**Data for analysis:**
---+---
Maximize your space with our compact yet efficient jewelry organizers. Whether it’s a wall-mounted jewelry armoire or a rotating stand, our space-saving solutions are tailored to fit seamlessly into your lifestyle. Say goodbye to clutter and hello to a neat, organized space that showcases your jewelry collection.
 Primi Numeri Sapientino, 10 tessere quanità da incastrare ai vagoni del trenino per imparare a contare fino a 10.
---+---
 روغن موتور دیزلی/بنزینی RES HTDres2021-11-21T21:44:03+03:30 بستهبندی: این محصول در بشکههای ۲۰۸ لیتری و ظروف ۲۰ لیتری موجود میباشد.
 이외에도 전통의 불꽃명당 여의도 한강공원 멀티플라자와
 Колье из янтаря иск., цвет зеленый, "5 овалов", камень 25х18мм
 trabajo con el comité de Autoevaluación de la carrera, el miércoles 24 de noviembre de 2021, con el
---+---
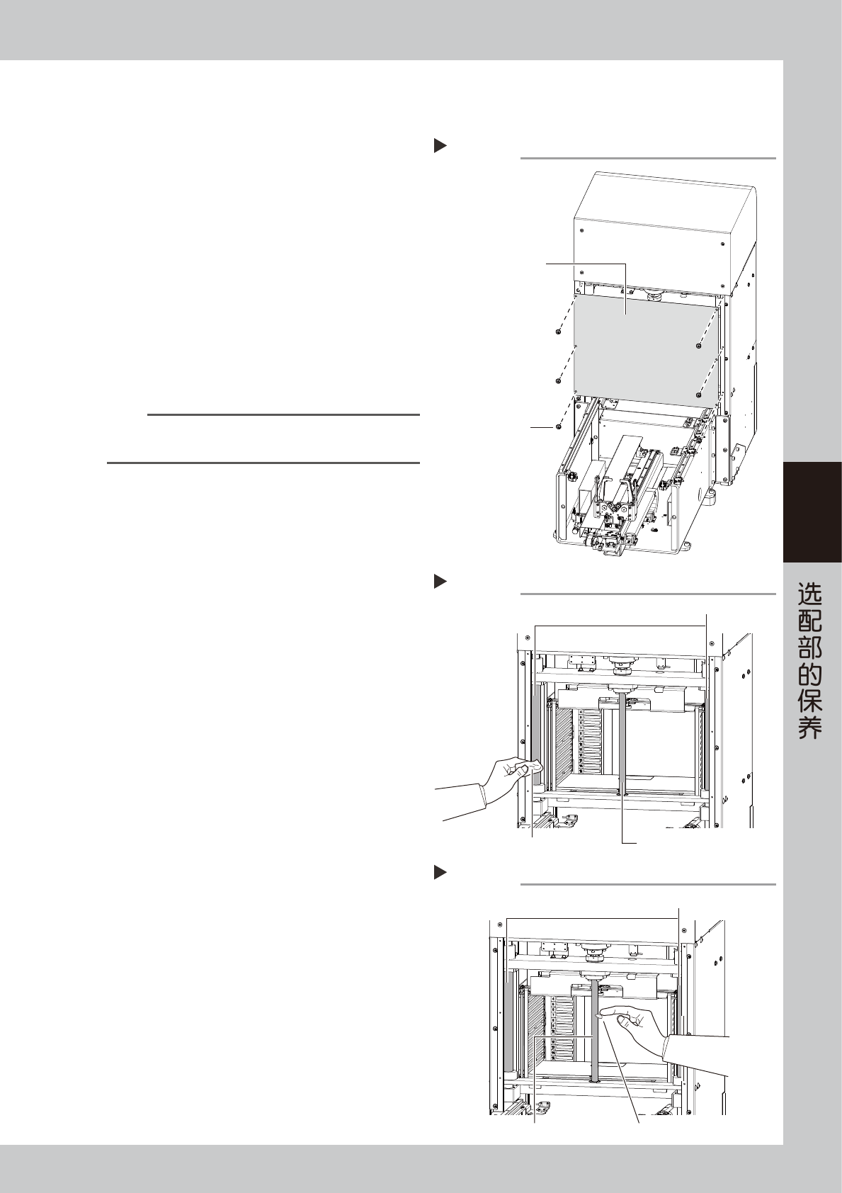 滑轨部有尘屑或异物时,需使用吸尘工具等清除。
---+---
**Aim of the task:**
From the records above, give again exactly the lines running from the line with "Колье из янтаря" to the line with "trabajo con el", inclusive.

**Answer box:**
 Колье из янтаря иск., цвет зеленый, "5 овалов", камень 25х18мм
 trabajo con el comité de Autoevaluación de la carrera, el miércoles 24 de noviembre de 2021, con el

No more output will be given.